While the other four adults who lived in the house are not mentioned by name in existing documentation, they probably assisted fugitive slaves during the years that the house was used as a station. A local publication by the Cincinnati Historic Society states "All the Wilson children were active in the abolitionist movement and aided many Blacks to make their way north by supplying food, clothing, and a hiding place." In the early 20th century several groups of elderly African American men returned to the house and asked to see the cellar where they had once hidden and recognized the Wilsons' former housekeeper, Christine Gramm, still living at the house where she had first been employed in the 1850s. An extensive letter written by Harriet Wilson in 1892 describes her family's efforts helping slaves escape through College Hill. On one occasion when pursuers were headed to College Hill to search for runaway slaves, Harriet state "The women being 'entertained' by our family were terribly frightened declaring 'that they would die rather than be taken and carried back.' Though quite large in size they were ready and willing to crawl through a small aperture into a dark cellar where they would be safe." She states that her sister Mary "was for many years a teacher. . .and were living could give you vivid pictures of the workings of the Underground R.R., for but a few who traveled by it to College Hill, but who were encouraged by her words of cheer and aided by her helping hand." Harriet worked in Cincinnati and returned to College Hill on the weekends. Prior to her trip home on Friday evenings, she was given the number of slaves en route to College Hill so the "stations" were ready for their arrival. She recalls that "frequently, when at home on Saturday and asking for some article of clothing, I would receive the reply, 'Gone to Canada.'"

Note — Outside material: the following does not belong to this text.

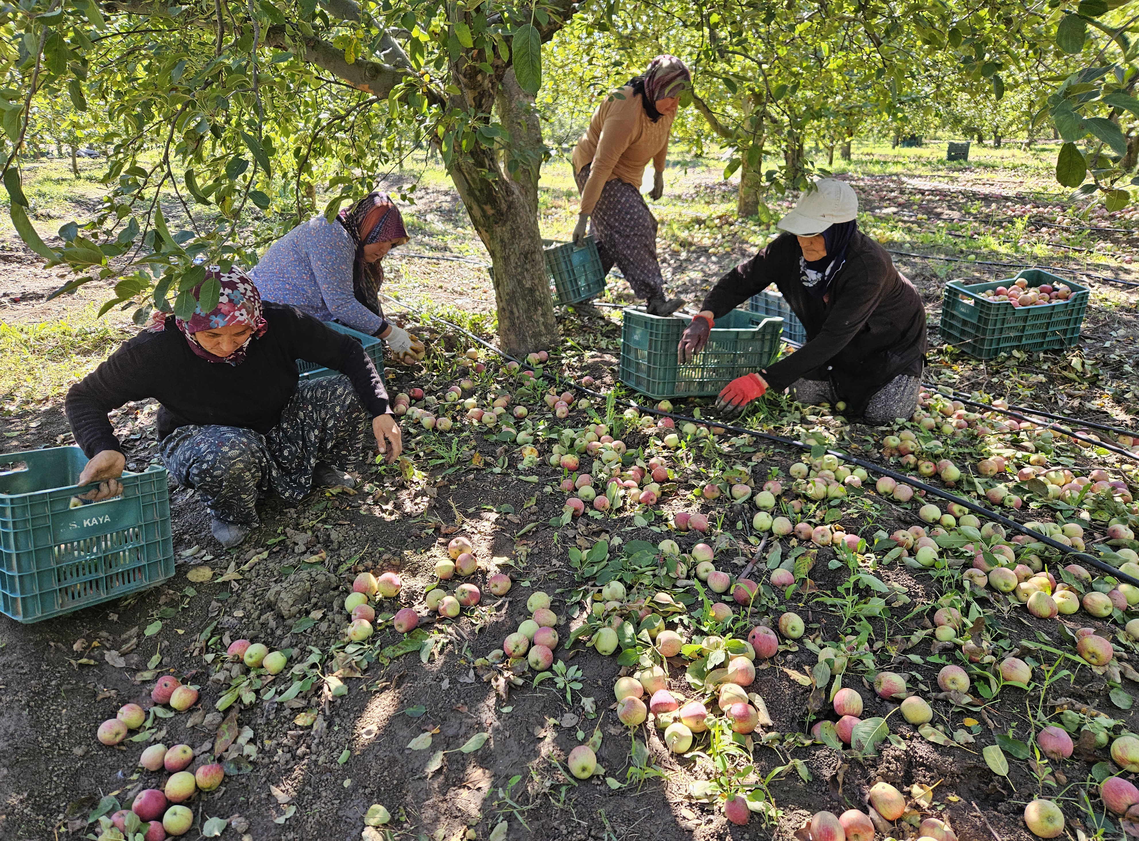 Hasat döneminde kadınlar, meyve suyu için kullanılacak elmaları traktörlerle köy meydanlarına taşıyor. Burada binlerce tonluk “dökük elma” yığınları oluşuyor. Kamyonlarla Isparta ve çevre illerdeki fabrikalara sevk ediliyor.

After the passage of the Fugitive Slave Act of 1850, Harriet recalled that "the work had become too well known. . . it was deemed wiser to have it carried on by other less exposed routes so in the years immediately preceding the civil war, there were comparatively none coming to the Hill yet those interested in the cause of human rights did their part financially to help in the work. . . ."

The Samuel and Sally Wilson House is located at 1502 Aster Place, in Cincinnati, Ohio. It is a private residence, and is not open to the public.